WORK INSTRUCTION: Your copy of the lines below must match them exactly and contain no images.

PROVIDED DATA:

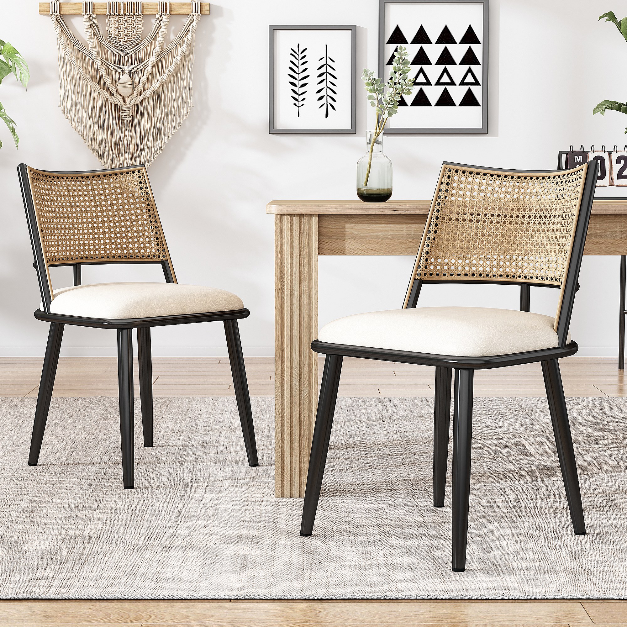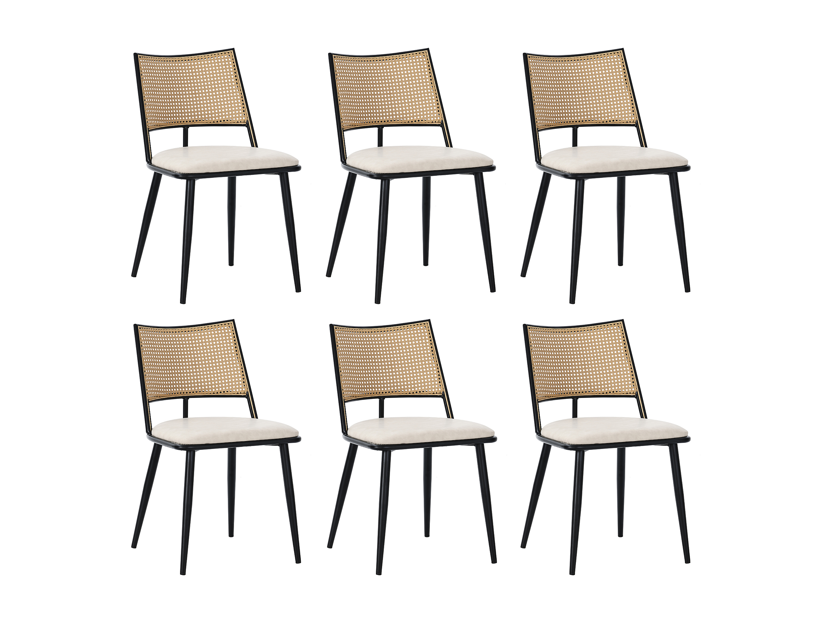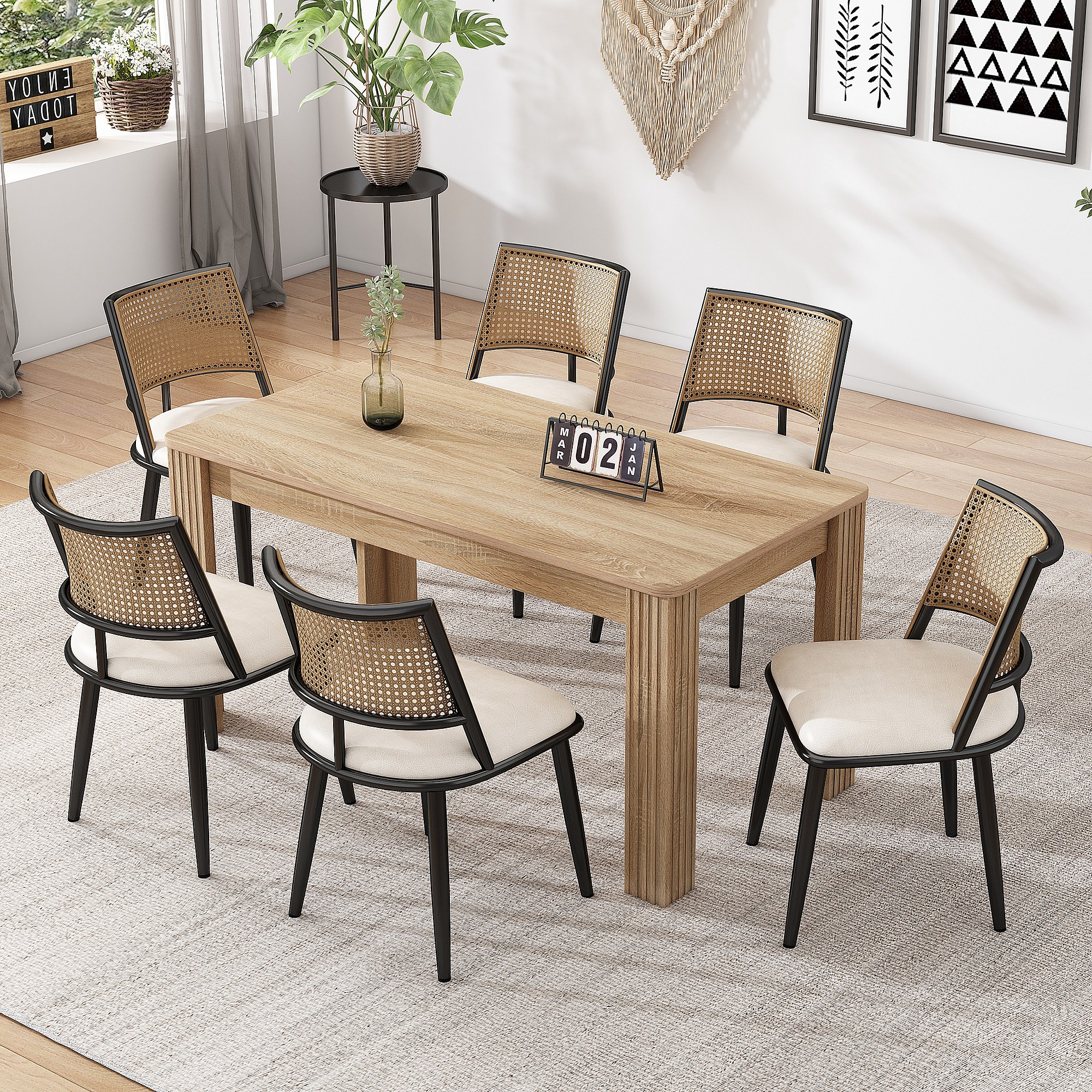 Ensemble table et chaises - table moderne + 6 chaises dossier en rotin de salon et de chambre - noir + naturel
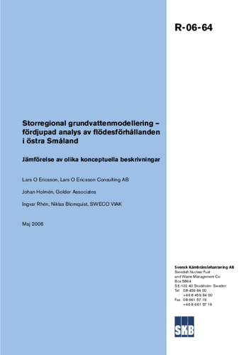Storregional grundvattenmodellering - fördjupad analys av flödesförhållanden i östra Småland. Jämförelse av olika konceptuella beskrivningar
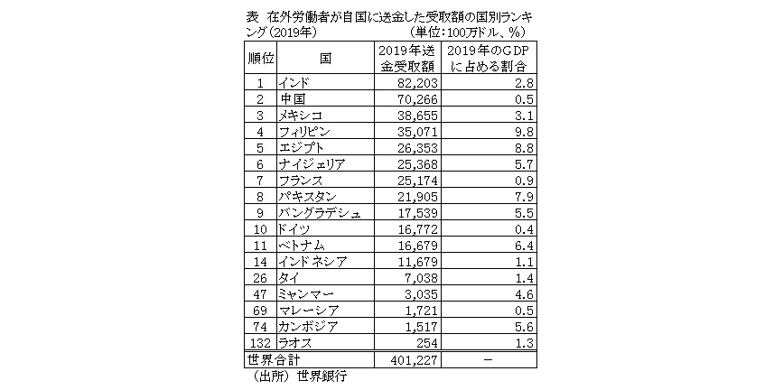 表 在外労働者が自国に送金した受取額の国別ランキング(2019年)
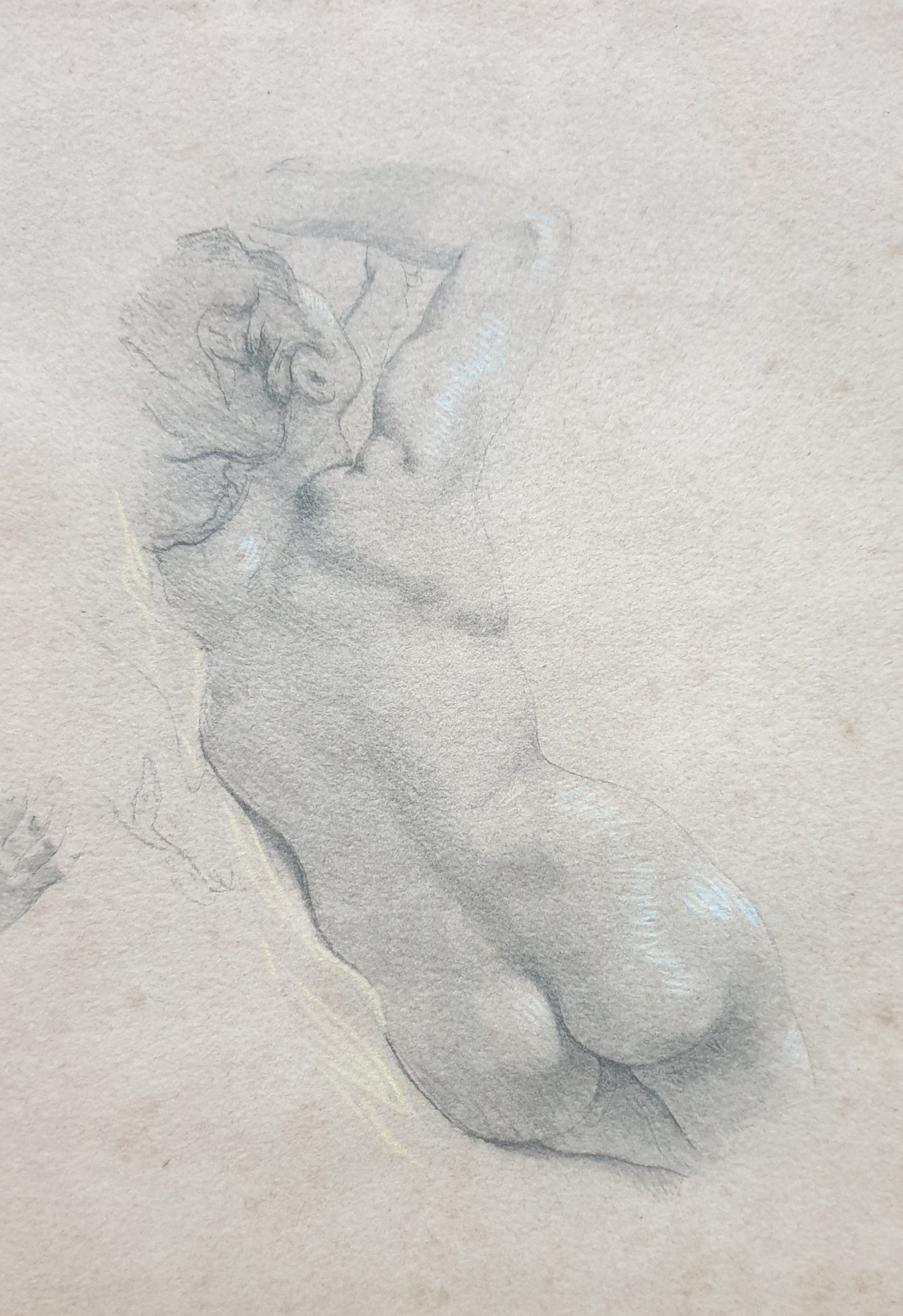 French School mid 19th.Century sheet of figure studies. Pencil and chalk drawing. An accomplished but to me unknown hand. 23.6 by 17 cms.

ANSWER TO THIS PROBLEM:
 Ensemble table et chaises - table moderne + 6 chaises dossier en rotin de salon et de chambre - noir + naturel
Storregional grundvattenmodellering - fördjupad analys av flödesförhållanden i östra Småland. Jämförelse av olika konceptuella beskrivningar
 表 在外労働者が自国に送金した受取額の国別ランキング(2019年)
 French School mid 19th.Century sheet of figure studies. Pencil and chalk drawing. An accomplished but to me unknown hand. 23.6 by 17 cms.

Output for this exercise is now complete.